[Infowarrior] - Secret China war plan: trillions in U.S. debt
Richard Forno
rforno at infowarrior.org
Sat Feb 12 18:40:47 CST 2011
Feb. 8, 2011, 12:01 a.m. EST
Secret China war plan: trillions in U.S. debt
Commentary: Today an economic battle; later, combat
By Paul B. Farrell, MarketWatch
http://www.marketwatch.com/story/story/print?guid=48CF7C4C-32BF-11E0-B3F5-00212804637C
SAN LUIS OBISPO, Calif. (MarketWatch) — Yes, Americans love war. Yes, wars cost money. And pile on debt, new taxes. Still, we love war. Why else let the military budget burn 48% of your tax dollars? But why is it “off the table” when the GOP talks “deficit cuts”?

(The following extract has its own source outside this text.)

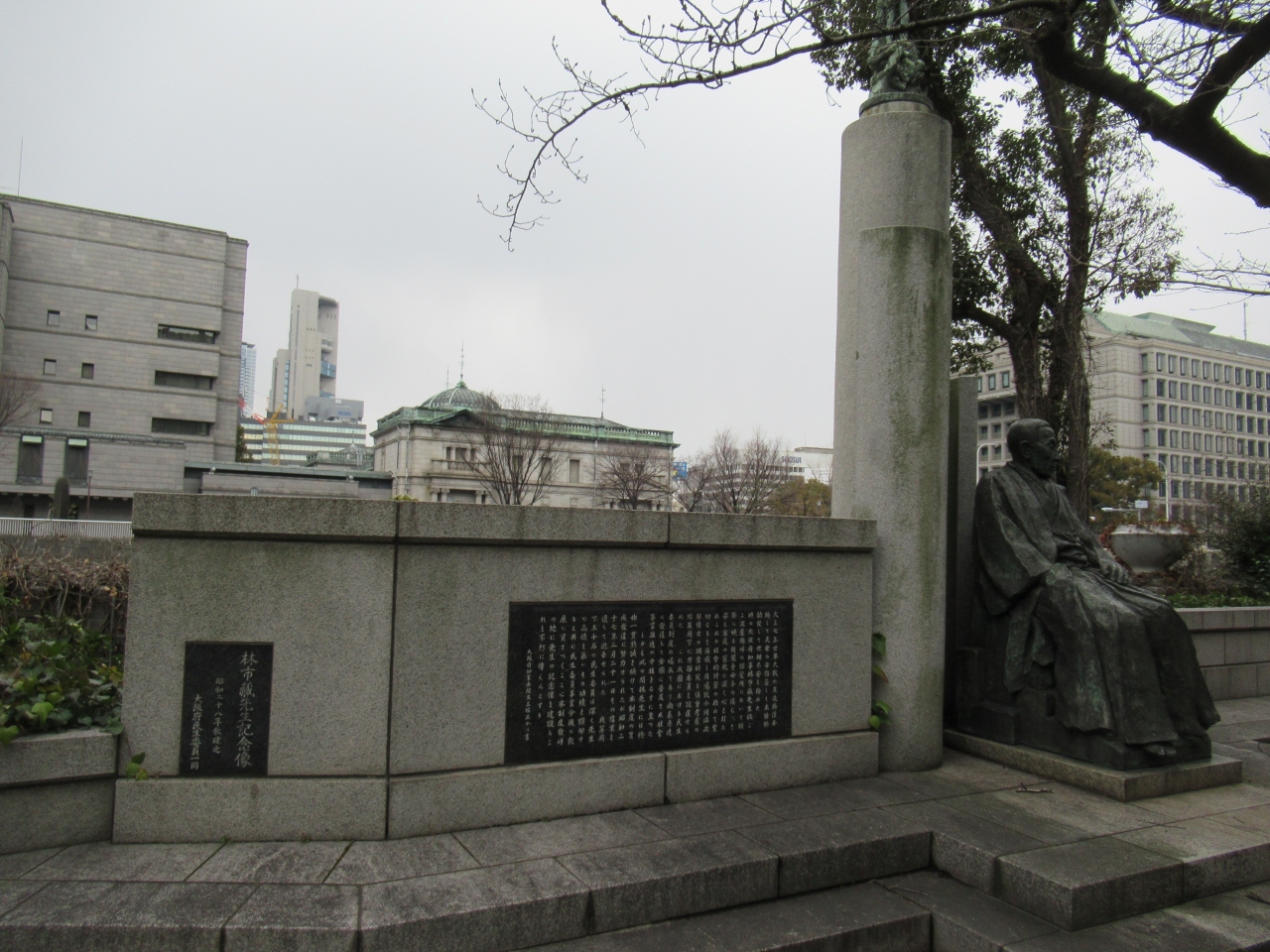 駅逓司(えきていし)大阪郵便役所跡として、御堂筋の淀屋橋の北にある日本銀行大阪支店の角に石柱が立っています。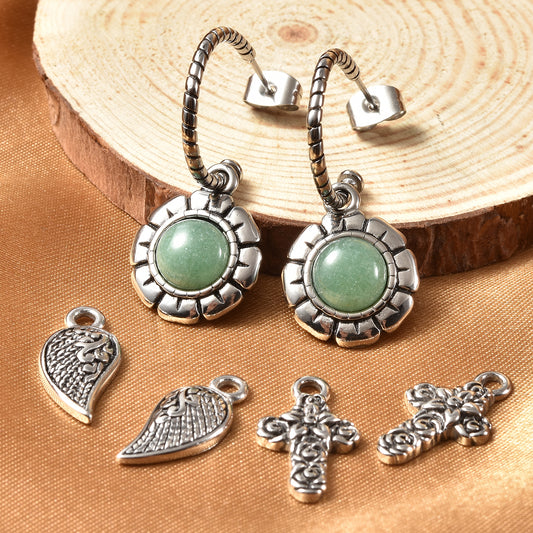 Interchangeable Green Fluorite Carved Artisan Earrings

Why? We love war. We’d rather attack with a macho battle cry like “damn the torpedoes, full speed ahead!” than listen to a warning from historian Kevin Phillips: “Most great nations, at the peak of their economic power, become arrogant, wage great world wars at great cost, wasting vast resources, taking on huge debt, ultimately burning themselves out.”
Which dominates our Congressional deficit hawks? Which is China’s military strategy?
Admit it, we love war. Marine Corps posters grabbed me as a kid. Trained me as an aviation weapons system tech. So I couldn’t resist Erik Sofge’s edgy thriller, “China’s Secret War Plan,” about a China-U.S. war. Like a fast-paced Tom Clancy thriller. In Popular Mechanics: One of my favorites as a kid working in a small-town magazine store.
Yes, war’s popular. Locked in our DNA long ago. Sofge’s thriller was based on war games played by Pentagon generals and Rand Corporation strategists.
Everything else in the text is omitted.